The same is going for the router-specific DDNS hostname (some routers have integrated DDNS systems hosted by their vendors), it could be resolved by router’s DNS cache but doesn’t propagated to outside DNSes.
In such cases it will not be available from outside. So, it’s better to check your node only from outside your network.

anon27637763 · March 16, 2020, 8:21pm

True… but, the commands above will ensure that a node is running and is available on the WAN interface, even if the router resolves the address locally.

It may be that the rest of the Internet can’t connect to the node’s WAN interface, but that’s not likely the fault of the node operator…

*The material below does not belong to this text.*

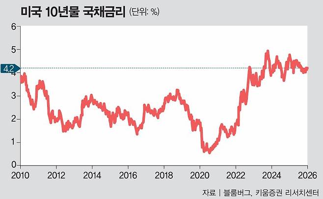 2026년 들어서도 마찬가지다. 한국 코스피는 1월 21일 기준 연초 대비 18% 넘게 급등해 미국, 유럽, 일본 등을 제치고 전 세계 수익률 1위를 기록하고 있다. 고객 예탁금도 90조 원대를 넘는 등 유동성 여건 역시 풍부해 22일에는 상징적인 레벨인 5000포인트도 돌파했다. 또한 '이익 모멘텀의 견조함+낮은 밸류에이션 부담' 조합이 훼손되지 않는 한 증시 상승 기조는 유지될 가능성이 크다.하지만 이렇게 긍정적인 상황에서 금융시장 참여자에게 불편함을 제공하는 요인이 있다. 미국 10년물 국채금리가 심리적 저항선인 4.2%를 상향 돌파하는 등 금리 상승 문제가 그것이다(그래프 참조). 주식시장 밸류에이션의 할인율로 작용하는 시중금리 급등은 고평가 논란이 있는 기술주를 중심으로 차익실현 욕구를 자극하기에 충분한 소재다. 연초 이후 미국 증시가 강세를 보이지만 장중 변동성이 빈번하게 높아지는 것도 바로 금리 상승 부담에 기인한다. 미국 연방준비제도이사회(연준)가 지난해 12월 연방공개시장위원회(FOMC) 정례회의에서 금리를 인하했음에도 미국 시중금리가 좀처럼 내려가지 않는 본질적 원인은 단순한 수급이나 경제지표가 아니라 트럼프발(發) 정치적 불확실성에 있다.

In the OP’s example, the node crashed. Checking for the TLS cert availability on the node’s external IP address would have caught OP’s problem… whether or not the rest of the Internet could have connected.

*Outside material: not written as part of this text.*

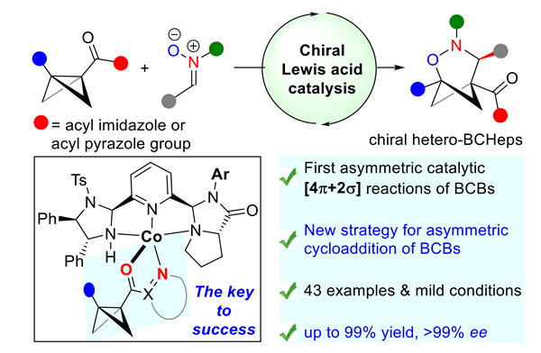 近日,在best365官网物理与化学学院学科团队建设计划支持下,光电材料制备与检测学科团队武文彪博士与湖南大学冯见君教授团队合作以第一作者身份在国际顶级期刊《Nature Communications》(中科院一区,IF = 14.7)发表题为《Enantioselective formal (3 + 3) cycloaddition of bicyclobutanes with nitrones enabled by asymmetric Lewis acid catalysis》的研究论文。

twl · March 16, 2020, 9:40pm

That is why external monitoring is the safer way to go generally, considering you trust the external application used for that

Pac · March 16, 2020, 10:25pm

I did try this, and it fails after a pretty long time, with:

140284712604096:error:0200206E:system library:connect:Connection timed out:../crypto/bio/b_sock2.c:110:
140284712604096:error:2008A067:BIO routines:BIO_connect:connect error:../crypto/bio/b_sock2.c:111:
connect:errno=110

I’m pretty sure my node’s completely off-grid.
I’ll investigate this further tomorrow when I have a physical access to it.

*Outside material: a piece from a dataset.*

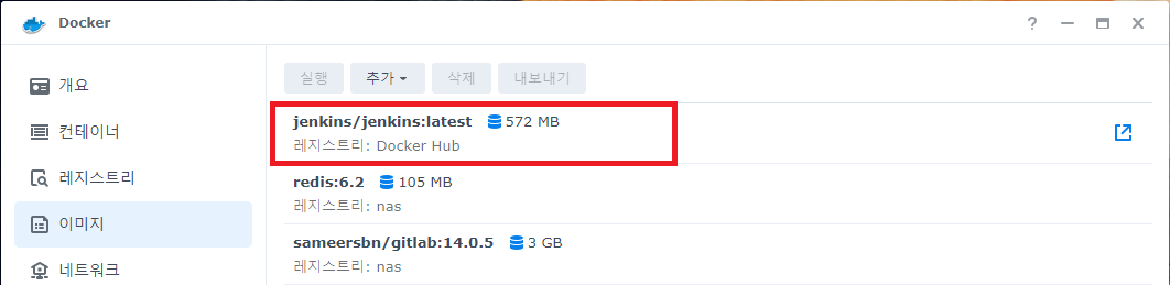 Docker 패키지의 이미지 탭에서 jenkins/jenkins:latest를 더블 클릭한다.

Thanks for your suggestions/replies
But I still think I should have received a notification from SotrjLabs ^^’

anon27637763 · March 16, 2020, 10:42pm

I script-ified my thoughts…

You can copy your identity.cert to a laptop or something. It’s perfectly safe to have just the cert. Don’t carry around the private keys though… And then you can run this script from any Internet connected host that has the openssl command line client and sha256sum … these are fairly standard for most GNU/Linux distros.

The script hashes your locally stored server level identity.cert , retrieves the node’s server cert and hashes that… compares the hashes and gives you some top level message.

There’s no error checking on the openssl commands. So, unexpected errors should be expected if your node is offline for whatever reason.

Basic Script below:

#!/bin/bash

# Check if there are two arguments
if [ ! $2 ]; then
   echo "Usage: $0 [path/to/identity.cert] [WAN.ip.address]"
   exit 1
fi
local=$(openssl x509 -inform pem -in "$1/identity.cert" |sha256sum)
remote=$(openssl s_client -showcerts -connect "$2":28967 2>/dev/null |openssl x509 -inform pem |sha256sum)
if [ "$local" = "$remote" ];
then
   message=$(echo -e "TLS Certs Match\nNode Online")
else
   message=$(echo -e "TLS Certs don't Match\nNode Offline")
fi
echo "$message"